EXERCISE DETAILS >>
Repeat, please, only the lines from the top of the data down to the line with "Create 8 sparkly"; include both of those lines.

Records contained in a dataset:
%%
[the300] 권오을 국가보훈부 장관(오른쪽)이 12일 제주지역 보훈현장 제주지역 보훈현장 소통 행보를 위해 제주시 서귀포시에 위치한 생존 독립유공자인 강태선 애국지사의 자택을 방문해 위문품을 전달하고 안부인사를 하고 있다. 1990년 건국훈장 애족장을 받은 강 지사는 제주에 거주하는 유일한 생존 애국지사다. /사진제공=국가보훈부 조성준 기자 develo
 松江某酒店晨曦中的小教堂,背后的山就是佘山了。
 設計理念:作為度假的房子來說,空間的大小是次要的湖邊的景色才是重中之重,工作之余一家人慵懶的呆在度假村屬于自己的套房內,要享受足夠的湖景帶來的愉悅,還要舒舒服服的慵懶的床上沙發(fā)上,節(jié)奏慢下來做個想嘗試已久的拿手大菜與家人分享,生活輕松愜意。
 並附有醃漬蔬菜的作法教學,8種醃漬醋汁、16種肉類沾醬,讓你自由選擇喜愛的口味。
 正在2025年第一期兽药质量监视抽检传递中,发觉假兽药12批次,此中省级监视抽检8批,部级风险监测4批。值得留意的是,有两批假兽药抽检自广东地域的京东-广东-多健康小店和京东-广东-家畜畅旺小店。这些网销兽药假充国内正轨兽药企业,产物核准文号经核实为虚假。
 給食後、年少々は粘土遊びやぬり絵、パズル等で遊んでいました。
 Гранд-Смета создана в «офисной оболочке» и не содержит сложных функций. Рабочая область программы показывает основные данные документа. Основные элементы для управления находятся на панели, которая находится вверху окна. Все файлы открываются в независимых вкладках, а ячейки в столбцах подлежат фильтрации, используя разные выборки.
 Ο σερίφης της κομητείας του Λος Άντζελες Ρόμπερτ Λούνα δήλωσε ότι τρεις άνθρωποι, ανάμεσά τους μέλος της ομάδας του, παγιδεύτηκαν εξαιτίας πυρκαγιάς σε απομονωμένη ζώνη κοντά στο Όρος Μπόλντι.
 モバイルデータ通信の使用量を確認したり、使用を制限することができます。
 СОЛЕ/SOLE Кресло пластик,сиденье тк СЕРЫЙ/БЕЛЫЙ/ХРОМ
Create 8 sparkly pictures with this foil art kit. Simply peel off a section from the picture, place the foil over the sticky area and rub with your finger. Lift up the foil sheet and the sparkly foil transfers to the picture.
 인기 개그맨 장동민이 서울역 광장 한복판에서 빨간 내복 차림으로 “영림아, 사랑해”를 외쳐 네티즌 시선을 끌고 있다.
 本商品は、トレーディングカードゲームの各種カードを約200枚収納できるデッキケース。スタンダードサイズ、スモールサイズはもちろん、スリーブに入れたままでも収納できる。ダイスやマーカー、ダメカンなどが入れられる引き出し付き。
%%
RESPONSE AREA >>
[the300] 권오을 국가보훈부 장관(오른쪽)이 12일 제주지역 보훈현장 제주지역 보훈현장 소통 행보를 위해 제주시 서귀포시에 위치한 생존 독립유공자인 강태선 애국지사의 자택을 방문해 위문품을 전달하고 안부인사를 하고 있다. 1990년 건국훈장 애족장을 받은 강 지사는 제주에 거주하는 유일한 생존 애국지사다. /사진제공=국가보훈부 조성준 기자 develo
 松江某酒店晨曦中的小教堂,背后的山就是佘山了。
 設計理念:作為度假的房子來說,空間的大小是次要的湖邊的景色才是重中之重,工作之余一家人慵懶的呆在度假村屬于自己的套房內,要享受足夠的湖景帶來的愉悅,還要舒舒服服的慵懶的床上沙發(fā)上,節(jié)奏慢下來做個想嘗試已久的拿手大菜與家人分享,生活輕松愜意。
 並附有醃漬蔬菜的作法教學,8種醃漬醋汁、16種肉類沾醬,讓你自由選擇喜愛的口味。
 正在2025年第一期兽药质量监视抽检传递中,发觉假兽药12批次,此中省级监视抽检8批,部级风险监测4批。值得留意的是,有两批假兽药抽检自广东地域的京东-广东-多健康小店和京东-广东-家畜畅旺小店。这些网销兽药假充国内正轨兽药企业,产物核准文号经核实为虚假。
 給食後、年少々は粘土遊びやぬり絵、パズル等で遊んでいました。
 Гранд-Смета создана в «офисной оболочке» и не содержит сложных функций. Рабочая область программы показывает основные данные документа. Основные элементы для управления находятся на панели, которая находится вверху окна. Все файлы открываются в независимых вкладках, а ячейки в столбцах подлежат фильтрации, используя разные выборки.
 Ο σερίφης της κομητείας του Λος Άντζελες Ρόμπερτ Λούνα δήλωσε ότι τρεις άνθρωποι, ανάμεσά τους μέλος της ομάδας του, παγιδεύτηκαν εξαιτίας πυρκαγιάς σε απομονωμένη ζώνη κοντά στο Όρος Μπόλντι.
 モバイルデータ通信の使用量を確認したり、使用を制限することができます。
 СОЛЕ/SOLE Кресло пластик,сиденье тк СЕРЫЙ/БЕЛЫЙ/ХРОМ
Create 8 sparkly pictures with this foil art kit. Simply peel off a section from the picture, place the foil over the sticky area and rub with your finger. Lift up the foil sheet and the sparkly foil transfers to the picture.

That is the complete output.